Pets at Home Group (LON: PETS) – FY20 Interim Results for the 28 week period to 10th October 2019.
· First anniversary of launching our pet care strategy, which continues to deliver strong results
· Sustained momentum in Retail business, with like-for-like# (LFL) revenue growth of 7.8%
o Omnichannel revenues# up 31.7% to £46.5m
o Stores delivering positive LFL# revenue growth and a solid operating margin
· Vet Group underlying business performing well, with LFL# revenue growth of 6.4%
o First Opinion customer sales# growth across all vet practices of 11.8%, with Joint Venture (JV) practice LFL# of 14.0% and mature practice sales again growing ahead of the market
o Planned changes to fee arrangements for Joint Venture practices starting to have positive impact: increasing practice profitability and improving our Group cash performance
o JV practice buy outs now complete: total of 57 sites, with 36 having subsequently closed
· We are introducing more customers to our complete pet care offer:
o Number of VIPs who purchase both products and a service has grown 22% year-on-year, and now represents c16% of all active members
o Number of subscription customers across the Group is now over 790,000
· Group underlying PBT, on a comparable pre-IFRS16 basis, up 18.9% year-on-year to £45.0m1,#, driven by quality revenue growth in Retail converting strongly to profit
· Given progress in the first half, we remain confident about the rest of the year despite continued consumer uncertainty, and expect full year profit towards top end of current market consensus2
· After over 9 years as Chairman, succession plan for Tony DeNunzio commenced
Comment from Peter Pritchard, Pets at Home Group Chief Executive Officer
“I am very pleased with what we have achieved in the first half of the year. We have executed our plans well, and this has been reflected in the strong customer sales growth across the Group. Our commitment, and that of the Group’s Joint Venture Partners, is to make sure pets and their owners get the very best advice, care and products; and this has led to record levels of VIPs, First Opinion practice clients and subscription customers. In short, our pet care strategy is working.

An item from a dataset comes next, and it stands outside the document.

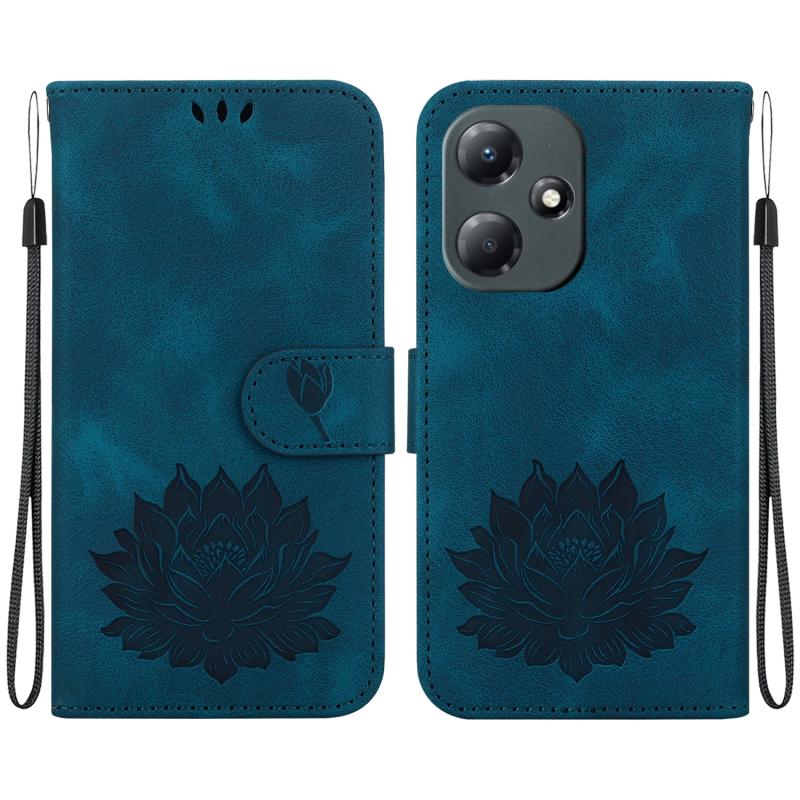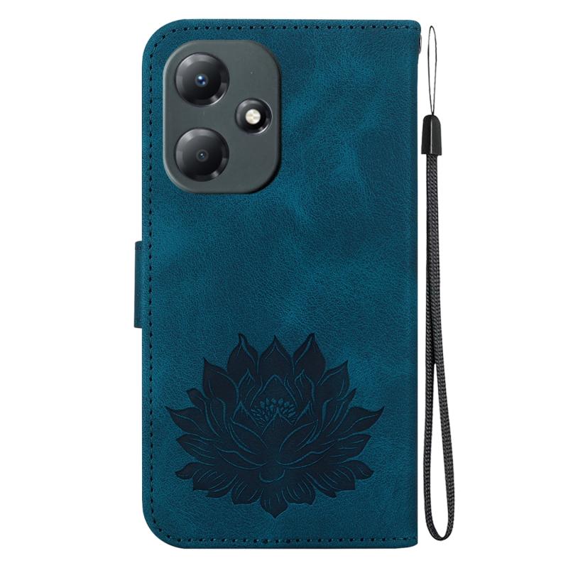 For Infinix Hot 30 Play X6835 Lotus Embossed Leather Phone Case(Dark Blue)
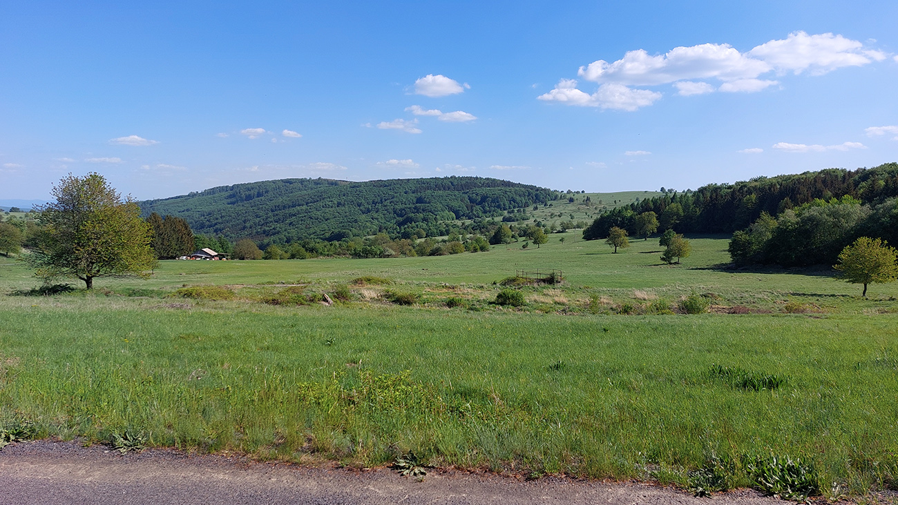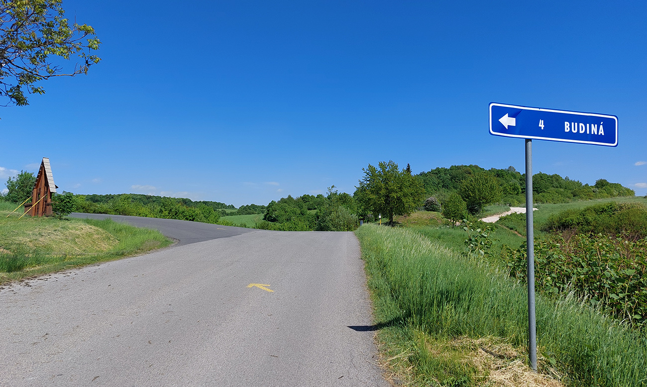 Tak dupem ďalej, až do Budinej v pohodičke. No posledné stovky metrov na kopček nad dedinou, to je už zasa dáka šestnástka. Len na rozdiel od tej ábelovskej motory už mierne protestujú. Ale krajina sa znovu otvára, vidno doďaleka a vetrík zase dobre ovieva. Odbočky z vrcholu stúpania za ešte lepšími vyhliadkami sú síce krátke a ošípkované, no kamienkato-hlinasté, tak si ich nechám na inokedy:

We have seen sustained momentum in Retail, with a 2-year like-for-like of 13%. This has been complemented by a meticulous delivery of our Vet Group recalibration. The programme to buy out a number of Joint Venture practices is already complete, whilst changes we have made to the fee arrangements for ongoing practices are already showing signs of positive progress and will be followed by further planned adjustments in the second half of the year.
All this provides a strong foundation, meaning we have much to look forward to in FY20 and beyond, and we now expect to return to profit growth a year ahead of our original plan. In the meantime, we will remain focussed on serving our customers, their pets and our partners better than ever before.”
We have been successful in sustaining profit growth in Retail and expect this to continue. In the Vet Group, the second half of FY20 will see the full impact of changes to the fee arrangements for ongoing JV practices, in line with our original plan. In addition, we will incur certain pre-opening costs associated with the capacity extension at Dick White Referrals, plus the opening of our fifth Specialist Referral centre in Scotland, all of which will reduce Vet Group underlying profit in the year.
Due to the progress we have made in the first half of FY20, we are confident about the rest of the year and now expect to deliver full year underlying profit growth, with Group underlying profit before tax# on a pre-IFRS16 basis towards the top end of current market consensus.
We now expect full year Group underlying free cashflow to be broadly flat, despite the previously disclosed one-off outflow of £10.7m relating to a change in timing to Corporation Tax payments.
New openings will include up to five new stores, grooming salons and vet practices, and the one-off programme to buy out a number of JV practices is now complete.
Our focus remains on sustaining the return to profit growth and we expect to generate further underlying profit and free cashflow growth from FY21, despite the potential headwind posed to Retail gross margin by USD currency movements.